PROVIDED DATA:

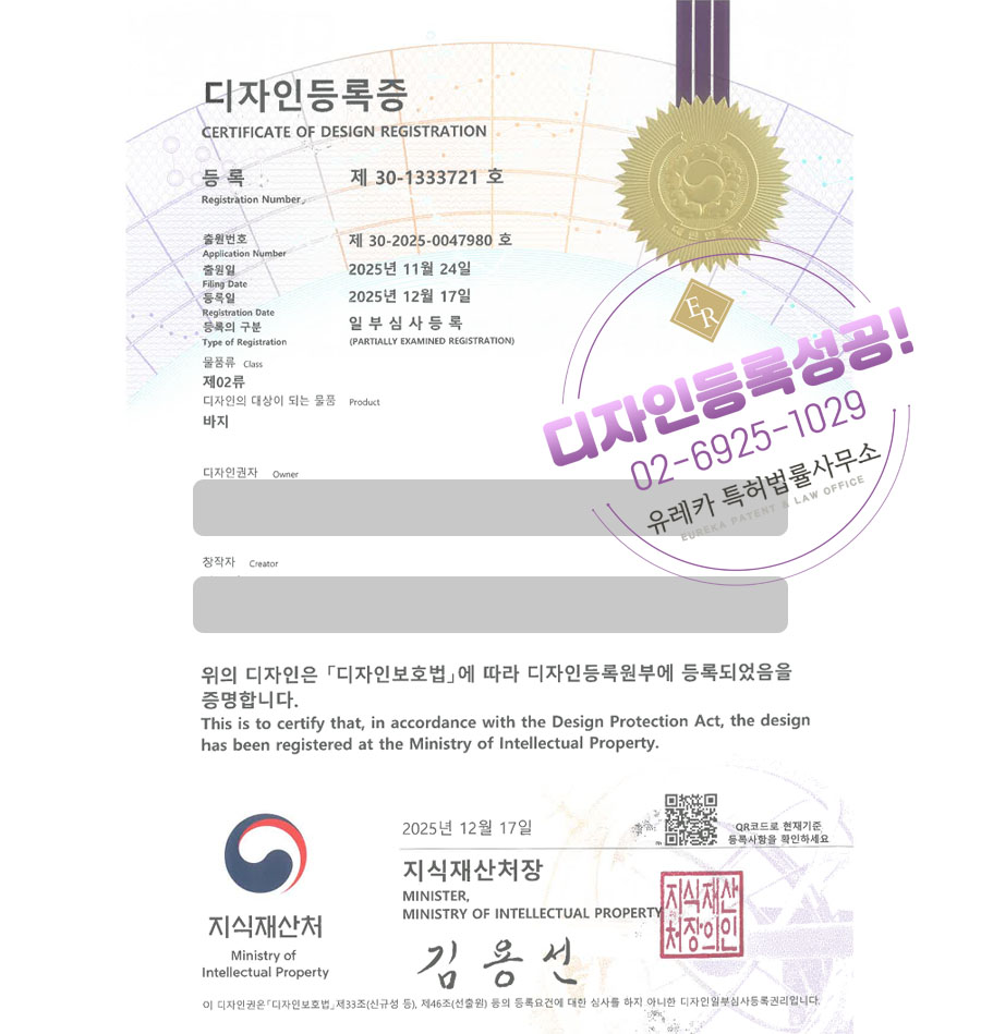 유레카 디자인등록성공ㅣ하의, 팬츠, 운동복 디자인 출원 “바지” 디자인권 특허 등록
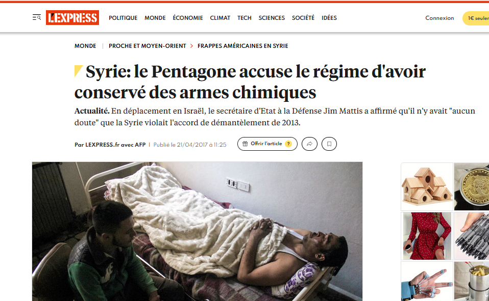 Soit disant il y aurait une attaque commanditée par Bachar Al Assad le 7 avril 2018 à Douma. Il y aurait eu 40 morts. La veille des frappes de la coalition le 12 avril, Macron nous avait assuré qu'il avait toutes les preuves de l'attaque chimique et de l'implication d'Assad. Bizarrement il n'avait pas voulu les montrer là. Il aurait pu transmettre les preuves mais non. Sans doute parce que James Mattis secrétaire à la défense à ce moment là était en train de les chercher. A ce qu'il parait les échantillons fournis par les médecins confirmaient la présence de produits chimiques. Ils ne disent pas quel bord les a utilisé. Finalement la nuit du 13 au 14 avril, la coalition avec les US, la France et le Royaume Uni balance une centaine de missiles sur la Syrie. Et en bon démocrate, Macron a pris la décision tout seul. La population et le parlement, il n'en avait strictement rien à foutre. Sans oublier le viol de la constitution. Sans oublier celui du droit international. Cela en fait une agression illégale. D'autres appellent cela du terrorisme ce qui est factuellement vrai. En bref, il s'agissait de terroriser Bachar pour qu'il ne recommence pas quelque chose qu'il n'avait pas fait et dont on était même pas sûr qu'il l'avait fait. Tant qu'on est soutenu par les néocons, visiblement, on se sent tout de suite investi d'une mission divine permettant de bombarder au nom des droits de l'homme pour un crime qui n'a pas été commis. Au nom des droits de l'homme, de la démocratie, de la liberté ou plutôt des US, d'Israel et de leurs néocons. Il suffit de dire que douter c'est la même chose que nier la Shoah est certains faibles d'esprit se couchent comme des lâches et de soumis. Le 14 avril, après la déclaration de Macron le 13, des preuves nous seront révélés dans une évaluation nationale.
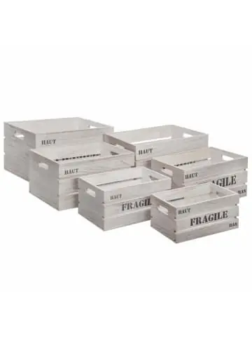 Ein Set von sechs dekorativen Boxen wird sich während der Hausreinigung als unersetzlich erweisen, kann aber auch als originelle Inneneinrichtung verwendet werden. Die Boxen ähneln klassischen Holzkisten im alten Stil. Jeder von ihnen ist aus altem Holz, in grauer Farbe bemalt. Eine einfache schwarze Inschrift erinnert an Assoziationen mit alten Aufbewahrungsboxen. Ihr Stil passt zu ungewöhnlichen Räumen — zum Beispiel im Retro-Stil mit Modernität oder anderen originellen Arrangements. Sie eignen sich für fast alles — Bücher, Zeitschriften, Spielzeug. Unabhängig von der Verwendung werden sie den Raum dekorieren und die Gäste überraschen. Sie werden als Raum genutzt, um Dinge während der Reinigung zu trennen und zu ordnen — zum Beispiel alte Zeitschriften oder Werkzeuge. Ihre Größe wurde gewählt, um sich untereinander verstecken zu können. Die Griffe, die in den Wänden geschnitten sind, machen es einfach, die Kisten zu tragen. Produkteigenschaften: Set mit 6 praktischen Aufbewahrungskisten,Boxen in hellgrau, aus Holz,Griffe für einfachen Transport,Einfache Lagerung von Boxen, man kann eine in die andere stecken,Perfekte Dekoration für Innenräume im Öko-Stil, skandinavischen Stil, Loft-Stil,Sie eignen sich gut zum Aufbewahren von z.B. Büchern, Zeitschriften usw.
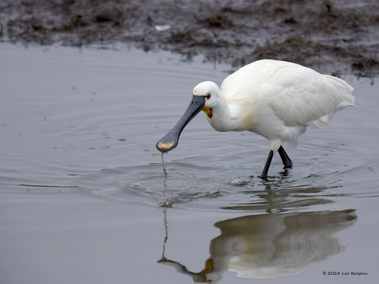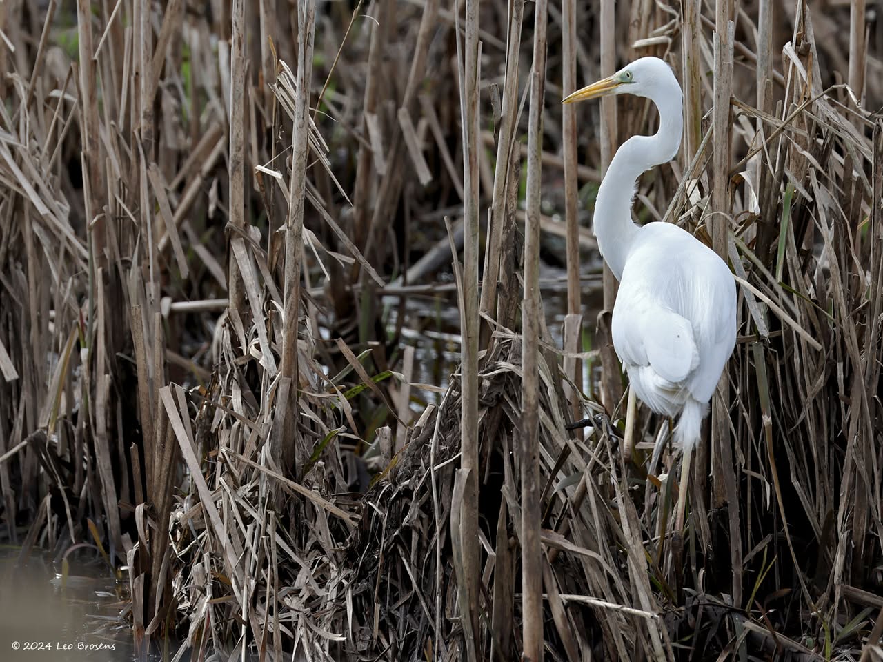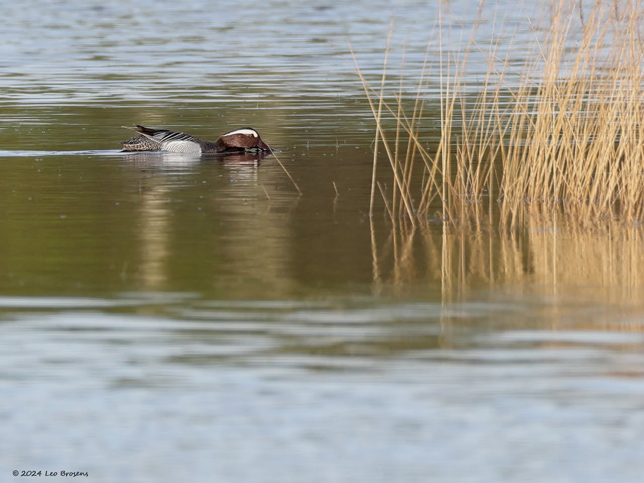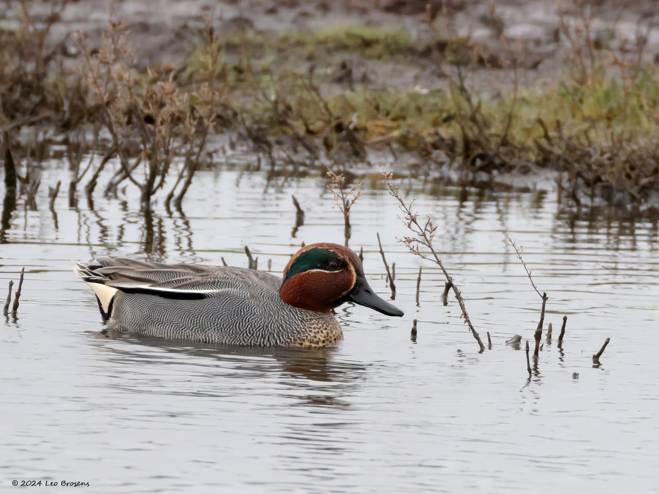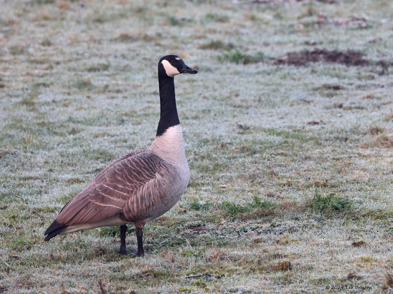 Een wonder! Een stormmeeuw die op water kan staan. Maar nee, zo'n vaart loopt het hier niet. In de leemskuilen was gisteren het laagje ijs al ver weggesmolten, vandaar een laagje water op het ijs. De stormmeeuw kun je nu hier af en toe aantreffen in weilanden. Hij is zichtbaar kleiner dan de zilvermeeuw, heeft geelgroene poten en heeft in winterkleed een donkere dwarsstreep op de snavelpunt. Die snavel is ook veel kleiner dan bij de zilvermeeuw.

WORK ITEM: Print the listing word for word, but omit the pictures.

WRITTEN SOLUTION:
 유레카 디자인등록성공ㅣ하의, 팬츠, 운동복 디자인 출원 “바지” 디자인권 특허 등록
 Soit disant il y aurait une attaque commanditée par Bachar Al Assad le 7 avril 2018 à Douma. Il y aurait eu 40 morts. La veille des frappes de la coalition le 12 avril, Macron nous avait assuré qu'il avait toutes les preuves de l'attaque chimique et de l'implication d'Assad. Bizarrement il n'avait pas voulu les montrer là. Il aurait pu transmettre les preuves mais non. Sans doute parce que James Mattis secrétaire à la défense à ce moment là était en train de les chercher. A ce qu'il parait les échantillons fournis par les médecins confirmaient la présence de produits chimiques. Ils ne disent pas quel bord les a utilisé. Finalement la nuit du 13 au 14 avril, la coalition avec les US, la France et le Royaume Uni balance une centaine de missiles sur la Syrie. Et en bon démocrate, Macron a pris la décision tout seul. La population et le parlement, il n'en avait strictement rien à foutre. Sans oublier le viol de la constitution. Sans oublier celui du droit international. Cela en fait une agression illégale. D'autres appellent cela du terrorisme ce qui est factuellement vrai. En bref, il s'agissait de terroriser Bachar pour qu'il ne recommence pas quelque chose qu'il n'avait pas fait et dont on était même pas sûr qu'il l'avait fait. Tant qu'on est soutenu par les néocons, visiblement, on se sent tout de suite investi d'une mission divine permettant de bombarder au nom des droits de l'homme pour un crime qui n'a pas été commis. Au nom des droits de l'homme, de la démocratie, de la liberté ou plutôt des US, d'Israel et de leurs néocons. Il suffit de dire que douter c'est la même chose que nier la Shoah est certains faibles d'esprit se couchent comme des lâches et de soumis. Le 14 avril, après la déclaration de Macron le 13, des preuves nous seront révélés dans une évaluation nationale.
 Ein Set von sechs dekorativen Boxen wird sich während der Hausreinigung als unersetzlich erweisen, kann aber auch als originelle Inneneinrichtung verwendet werden. Die Boxen ähneln klassischen Holzkisten im alten Stil. Jeder von ihnen ist aus altem Holz, in grauer Farbe bemalt. Eine einfache schwarze Inschrift erinnert an Assoziationen mit alten Aufbewahrungsboxen. Ihr Stil passt zu ungewöhnlichen Räumen — zum Beispiel im Retro-Stil mit Modernität oder anderen originellen Arrangements. Sie eignen sich für fast alles — Bücher, Zeitschriften, Spielzeug. Unabhängig von der Verwendung werden sie den Raum dekorieren und die Gäste überraschen. Sie werden als Raum genutzt, um Dinge während der Reinigung zu trennen und zu ordnen — zum Beispiel alte Zeitschriften oder Werkzeuge. Ihre Größe wurde gewählt, um sich untereinander verstecken zu können. Die Griffe, die in den Wänden geschnitten sind, machen es einfach, die Kisten zu tragen. Produkteigenschaften: Set mit 6 praktischen Aufbewahrungskisten,Boxen in hellgrau, aus Holz,Griffe für einfachen Transport,Einfache Lagerung von Boxen, man kann eine in die andere stecken,Perfekte Dekoration für Innenräume im Öko-Stil, skandinavischen Stil, Loft-Stil,Sie eignen sich gut zum Aufbewahren von z.B. Büchern, Zeitschriften usw.
 Een wonder! Een stormmeeuw die op water kan staan. Maar nee, zo'n vaart loopt het hier niet. In de leemskuilen was gisteren het laagje ijs al ver weggesmolten, vandaar een laagje water op het ijs. De stormmeeuw kun je nu hier af en toe aantreffen in weilanden. Hij is zichtbaar kleiner dan de zilvermeeuw, heeft geelgroene poten en heeft in winterkleed een donkere dwarsstreep op de snavelpunt. Die snavel is ook veel kleiner dan bij de zilvermeeuw.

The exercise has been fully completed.